The stimulating pulses are provided by a pulse generator in response to the output from a peak detector connected to the LC oscillator circuit. Since the LC circuit usually has one terminal connected to the storing capacitor and another terminal connected to ground through a rectifier diode, the peak detector should detect the minimum peak voltage of the oscillator signal. A switching transistor momentarily connects the node between the LC circuit and the rectifier diode to ground in response to each stimulating (or plucking) pulse received from the pulse generator.
Depending on the Q-factor of the LC circuit, the stimulating pulses are needed more or less frequently. For example, at a Q of 100, a pulse is needed every 8th period of the oscillator signal; at a Q of 50, a pulse may be needed every 4th period of the oscillator signal.

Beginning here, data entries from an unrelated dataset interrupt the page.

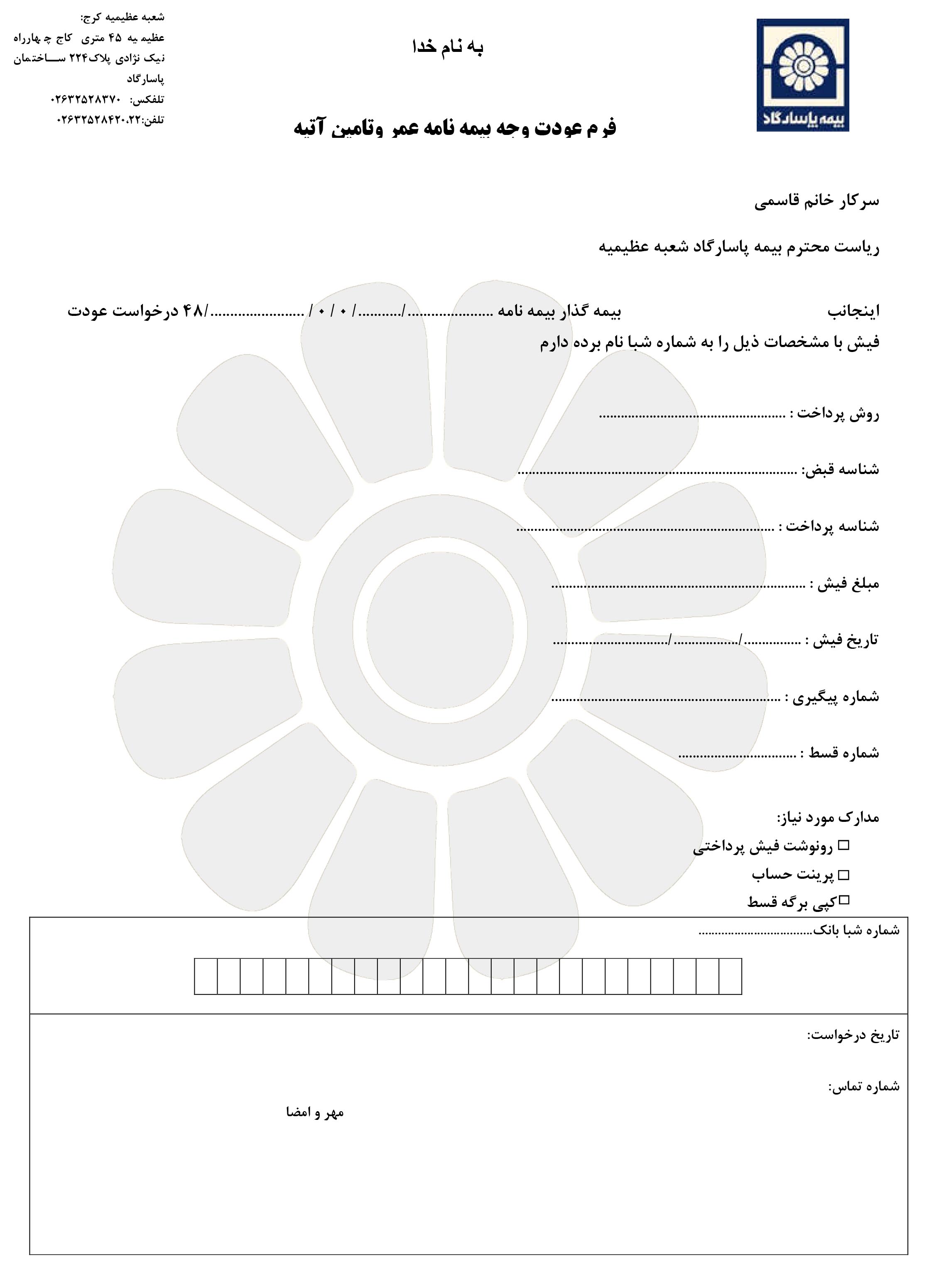 ج) شماره حساب بانک پاسارگاد یا کپی شبای سایر بانکها به نام بیمه گذار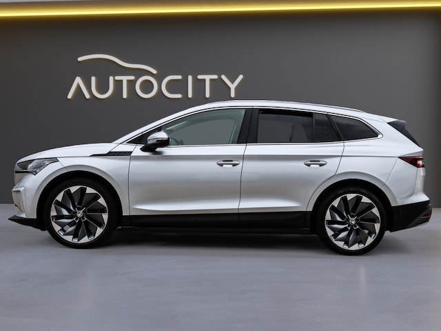 Met de aandrijfslipregeling (ASR) en het bandenspanningscontrolesysteem bent u altijd verzekerd van optimale grip en veiligheid, waardoor u met een gerust hart de weg op kunt. De vijf deuren van de Skoda Enyaq iV 80 ecoSuite maken het gemakkelijk om in en uit te stappen, terwijl de metallic lak de auto een extra luxe uitstraling geeft.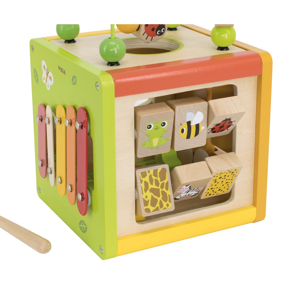 Dřevěná edukační kostka 5v1 s bludištěm a xylofonem Viga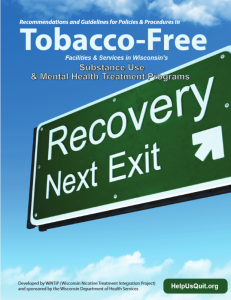 The Wisconsin Nicotine Treatment Integration Project (WiNTiP) developed recommendations on how treatment facilities can become tobacco-free. This document provides mental health/substance use treatment programs and state governing bodies with a roadmap about specific elements and steps that collectively constitute a tobacco-free treatment setting. It emphasizes: 1) the importance of a tobacco-free healthy treatment setting; 2) the provision of evidence-based tobacco dependence treatment; and 3) the necessity of helping staff who have tobacco dependence to quit.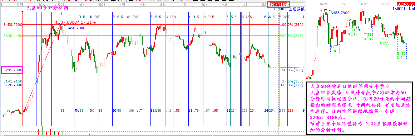 大盤繼續震蕩 日線神奇數字7的規律與60分鐘時間軌跡圖分析,明日29號是兩個周期指向的時間共振點 時間的共振 有望迎來方向選擇。日內空間繼續跟蹤第一支撐3205、3188點。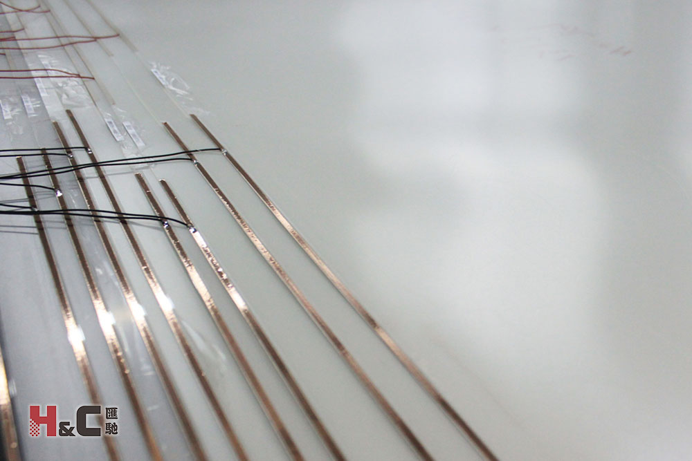 準確來說,調光玻璃需要通電的不是玻璃,而是它中間的液晶膜。液晶膜與電線的連接部分,就叫做電極。電極主要由銅箔構成,把它牢固地粘在液晶膜的導電層上,再焊上電線,就接連起來了。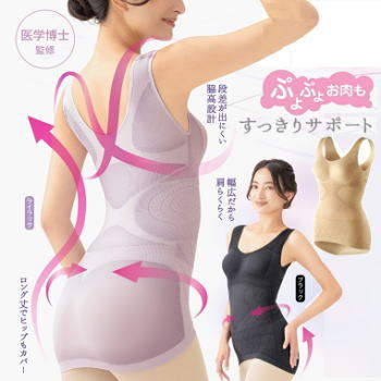 ![]() ![]() ![]() ![]() ![]() ![]() ![]() ![]() ![]() ![]() 骨盤と姿勢を同時にサポートするインナーでするんとキレイ! ■着ている間、姿勢と骨盤をケアするソフトな着心地のサポートインナー ■ブラジャー+キャミソール+補整下着がこれ一枚で ■砂時計型シルエットが着用時の体のラインを滑らかに整えます ■段差が出にくい脇高設計でシルエットスッキリ ■全方向360°やさしく包み込んで苦しくない ■後下がりのロング丈でお尻まですっぽり ■伸縮性抜群、蒸れにくく吸水速乾性に優れた特殊繊維使用 |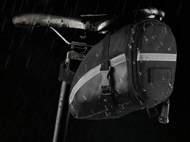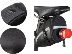 De tas is voorzien van een reflecterende strip voor extra veiligheid en de mogelijkheid om een waarschuwingslicht te bevestigen voor rijden in het donker.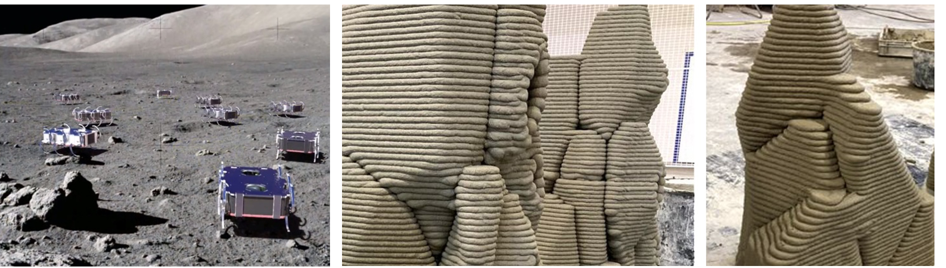 The additive D2RP process currently explored in laboratory setup using clay, silicon and thermoplastic elastomers represents the basis for the 3D printing approach with regolith-based concrete that is employed in this project. The regolith simulant, MGS-1, chosen for its availability, similar composition to 'global' basaltic soil composition, and also cheap price when ordered from https://exolithsimulants.com/collections/regolith-simulants is mixed with cement, which can be produced on Mars but infrastructure for producing it needs to be already in place (leaving the question of what would be the first structure built from open).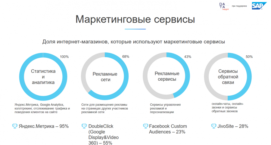 В исследовании рассмотрены 54 интернет-аптеки, что соответствует нижнему порогу в 50 заказов в день. Данные по аффилированным интернет-магазинам не суммируются. Исключение делается только для сайтов одного бренда (например,apteka-ifk.ruи aptekaifk.ru) или сайтов брендов-«клонов». Для определения сервисов, используемых интернет-магазинами, анализировались данные автоматического мониторинга с дополнительной ручной проверкой.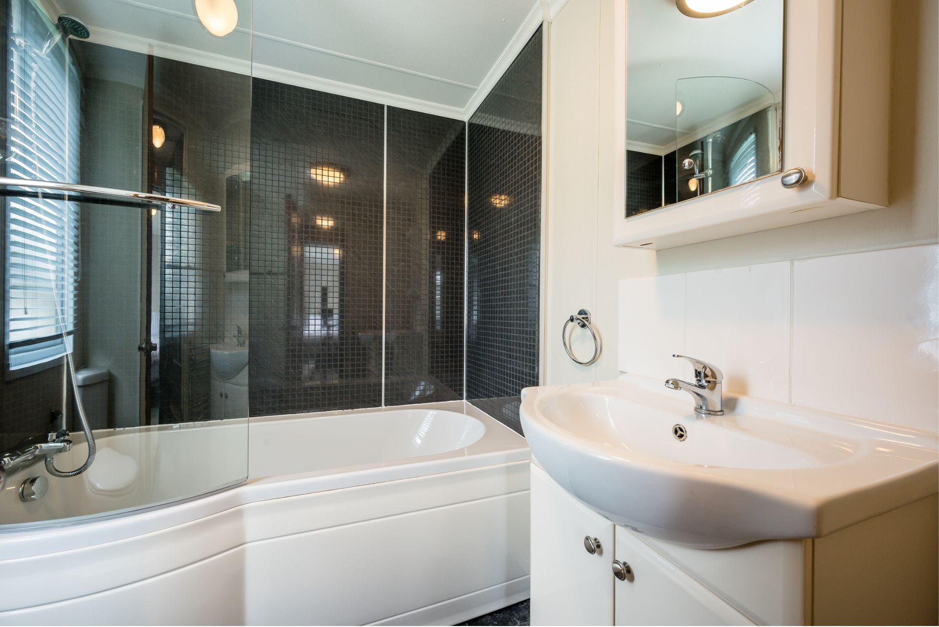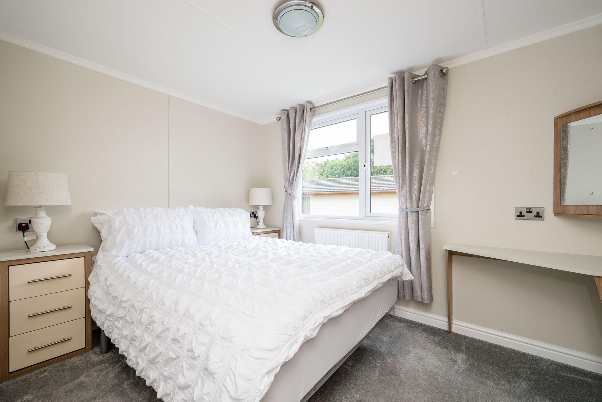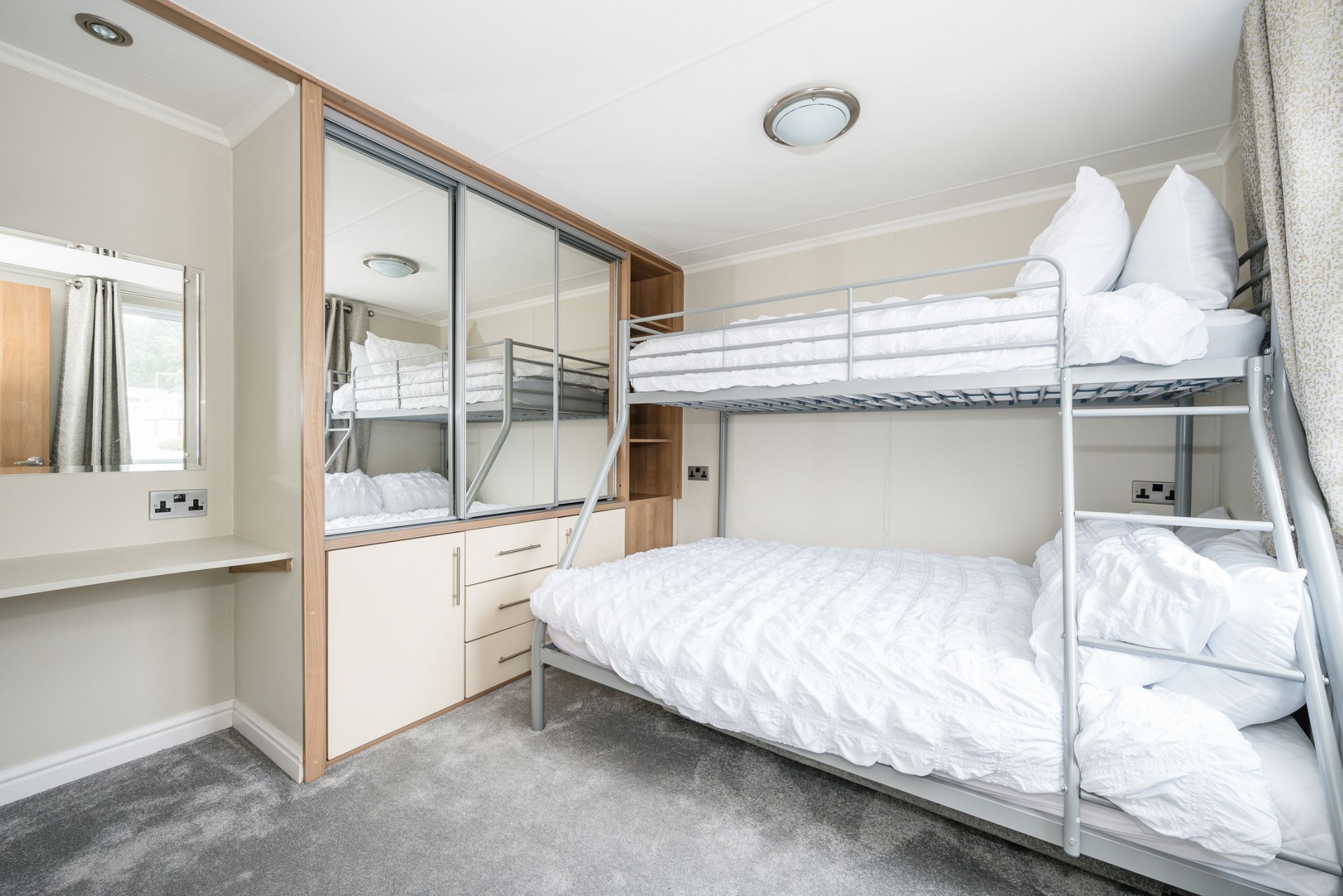 The lodge has spacious and comfortable sleeping arrangements. The master is en-suite with a bath, accessed by the walk-through wardrobe with ample storage.  The second bedroom is light and airy and hosts bunk beds, the lower benefitting from being a double, also offering plenty of storage with a fitted wardrobe and drawers. As well as the en-suite there is a separate family shower room.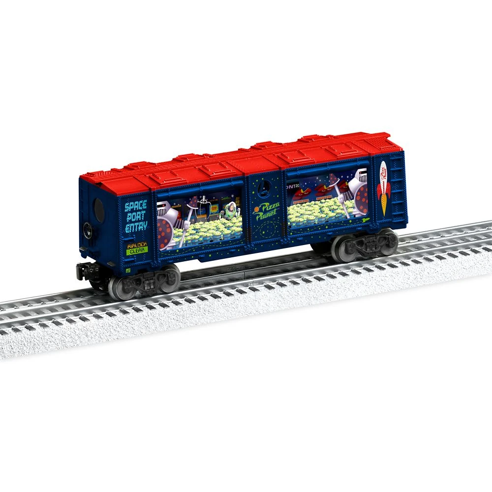It’s the claw! Our hero faces a notorious nemesis amid a host of wide-eyed Space Aliens in this Buzz Lightyear ”Pizza Planet” aquarium car by Lionel. Cheer Buzz on as he is chased by the claw inside the illuminated car when it is powered on. Inspired by Disney and Pixar’s Toy Story, the single car also features the Pizza Planet logo as well as signage for the Space Port Entry. Be aware that the airlock must be in the ”clear” position. That might be make believe but you will have real fun with this great addition to your Toy Story train set by Lionel.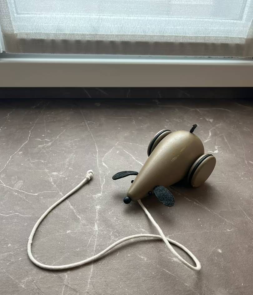 Дерев'яна іграшка тягач від Liewood у формі милого собаки.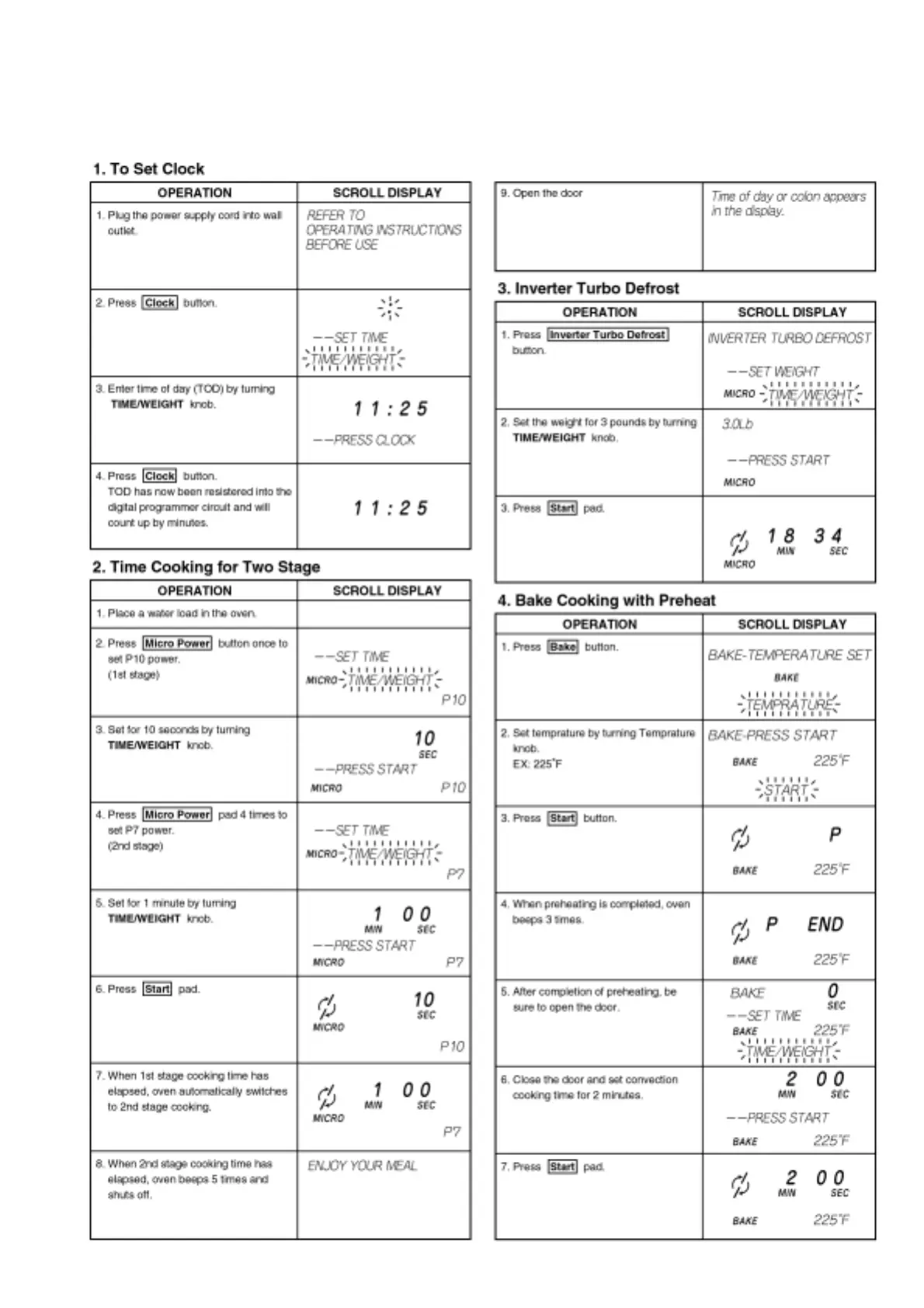 Panasonic NN-C994S - Operation and Test Procedures; Setting the Clock; Two-Stage Time Cooking; Inverter Turbo Defrost Operation

At Q-factors as low as 10 to 30, the stimulating pulses must be provided even more frequently. It has now been found that over-stimulation may occur under these circumstances. As used here, “over-stimulation” means that the negative peak voltage of the oscillator signal exceeds a level at which the EOB detector reacts, thereby attempting to switch the device from the transmit mode to the charge mode. This causes corruption of the data that are in the process of being transmitted from the device to the reader unit.